_Problem statement_
What is needed is an exact transcription of the listing, with the images removed.

_Available data_

——————————

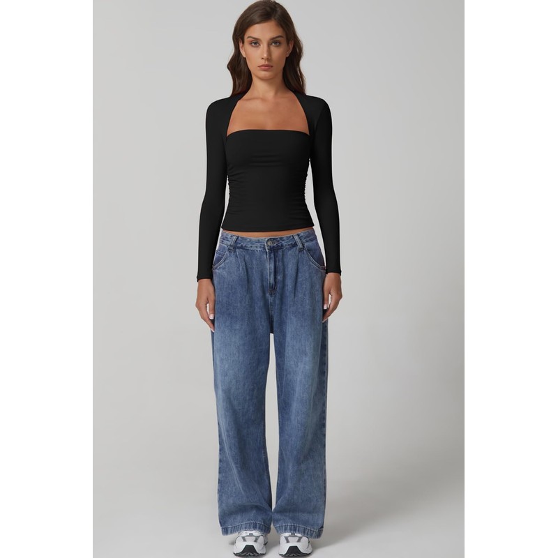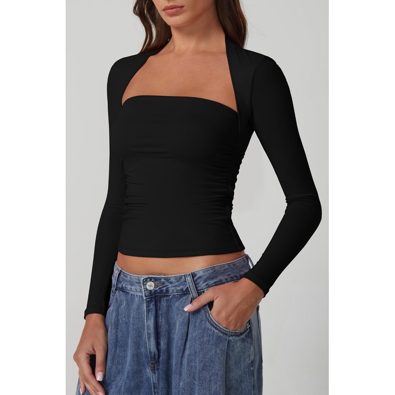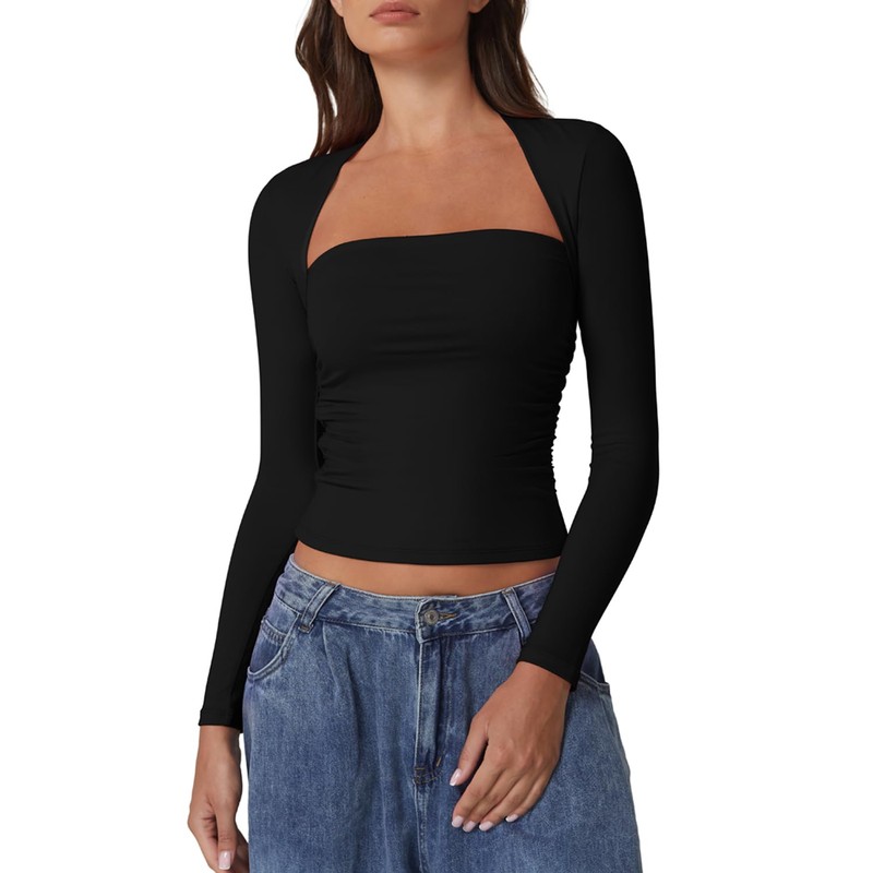 - Elevate Your Style with Elegance: Embrace the perfect blend of comfort and allure with our Long Sleeve Square Neck Crop Top. Crafted to accentuate your silhouette, this top combines a bodycon fit with a decent cropped length, ensuring you make a statement without saying a word. Its sauqre neckline elegantly highlights your collarbones and adds a dash of sophistication to your wardrobe.
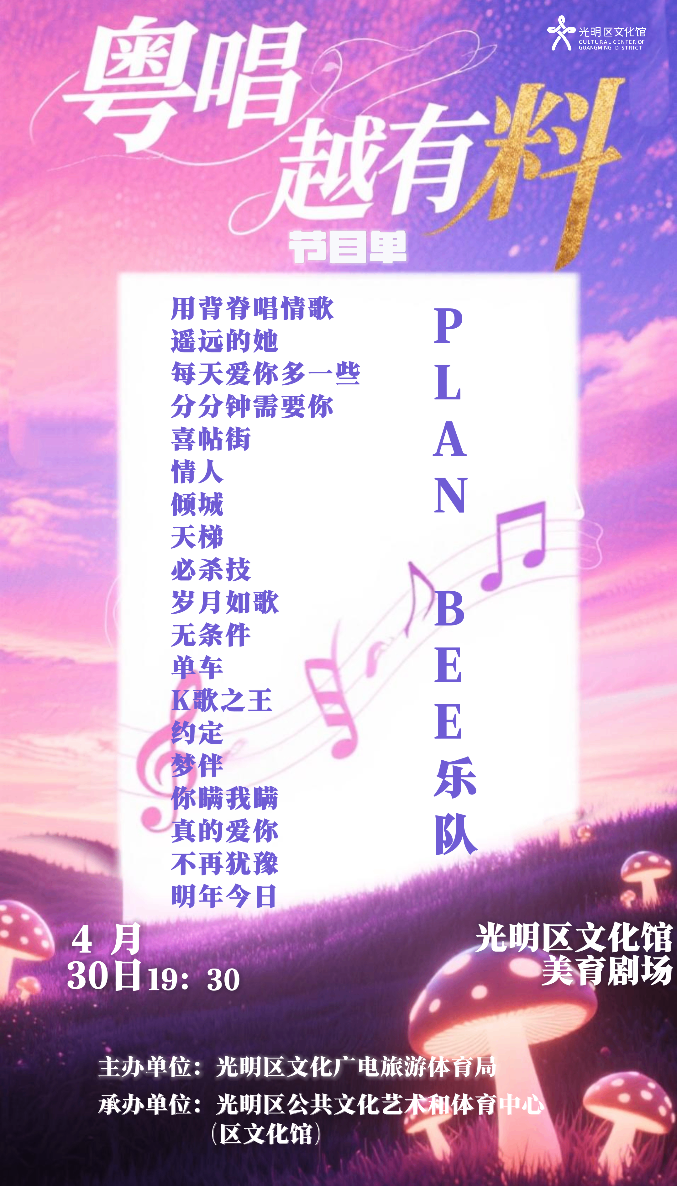 3.关于取消报名:若因个人原因不能及时参与线下检票,需提前在【线上抢票时间】内登录文化馆官网进入个人账号(我的-个人中心-公益演出记录)自行取消。取消报名后不能再次参与本次活动抢票!
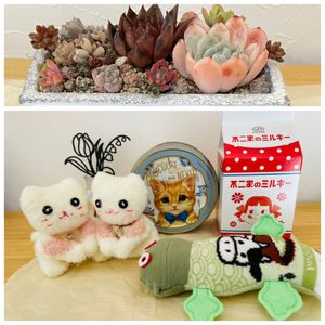 毎日寒くて凍えちゃいますね❄️ そんな毎日でしたがまつぴよさんから心温まるプレゼント🎁が届きました💖 可愛いチビニャンちゃんがペアで💕 そして牛さん模様のヤモリさんも可愛いです〜😊 モロゾフのチョコも可愛いネコちゃん缶にそしてペコちゃん牛乳パックにはミルキーが❣️盛りだくさんのプレゼント、ありがとうございました💕 寒さから避難中の多肉寄せと一緒に😊
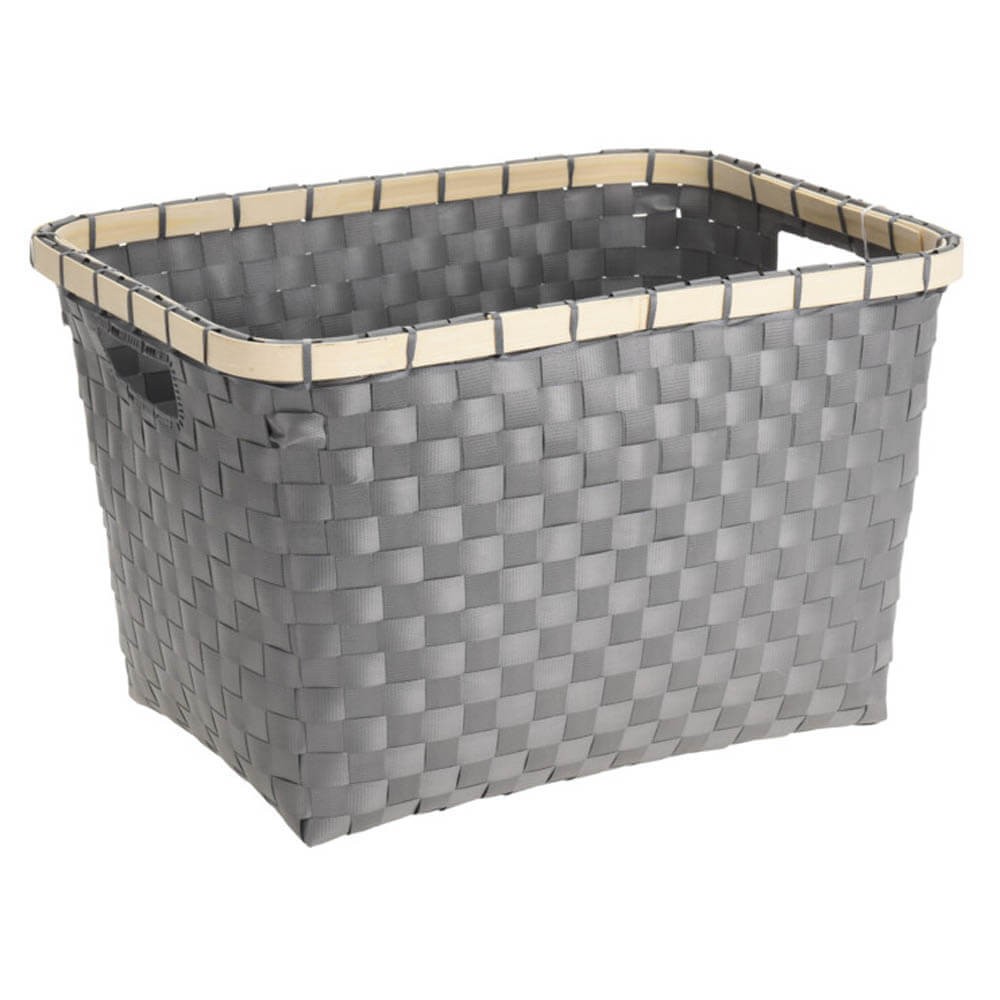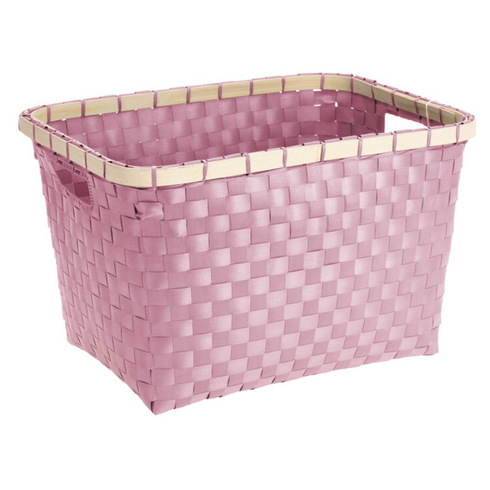Organiza los armarios y estanterías con estilo gracias a esta cesta de almacenaje rectangular, con ella podrás ordenar juguetes, libros, revistas, ropa de bebe, pañales, bufandas, cinturones, etc. Una cesta formada por cintas trenzadas de polipropileno en color rosa o gris rematada con una tira de bambú en la parte superior, muy cómoda de transportar gracias a sus asas.

——————————

_Response to this exercise_
 - Elevate Your Style with Elegance: Embrace the perfect blend of comfort and allure with our Long Sleeve Square Neck Crop Top. Crafted to accentuate your silhouette, this top combines a bodycon fit with a decent cropped length, ensuring you make a statement without saying a word. Its sauqre neckline elegantly highlights your collarbones and adds a dash of sophistication to your wardrobe.
 3.关于取消报名:若因个人原因不能及时参与线下检票,需提前在【线上抢票时间】内登录文化馆官网进入个人账号(我的-个人中心-公益演出记录)自行取消。取消报名后不能再次参与本次活动抢票!
 毎日寒くて凍えちゃいますね❄️ そんな毎日でしたがまつぴよさんから心温まるプレゼント🎁が届きました💖 可愛いチビニャンちゃんがペアで💕 そして牛さん模様のヤモリさんも可愛いです〜😊 モロゾフのチョコも可愛いネコちゃん缶にそしてペコちゃん牛乳パックにはミルキーが❣️盛りだくさんのプレゼント、ありがとうございました💕 寒さから避難中の多肉寄せと一緒に😊
Organiza los armarios y estanterías con estilo gracias a esta cesta de almacenaje rectangular, con ella podrás ordenar juguetes, libros, revistas, ropa de bebe, pañales, bufandas, cinturones, etc. Una cesta formada por cintas trenzadas de polipropileno en color rosa o gris rematada con una tira de bambú en la parte superior, muy cómoda de transportar gracias a sus asas.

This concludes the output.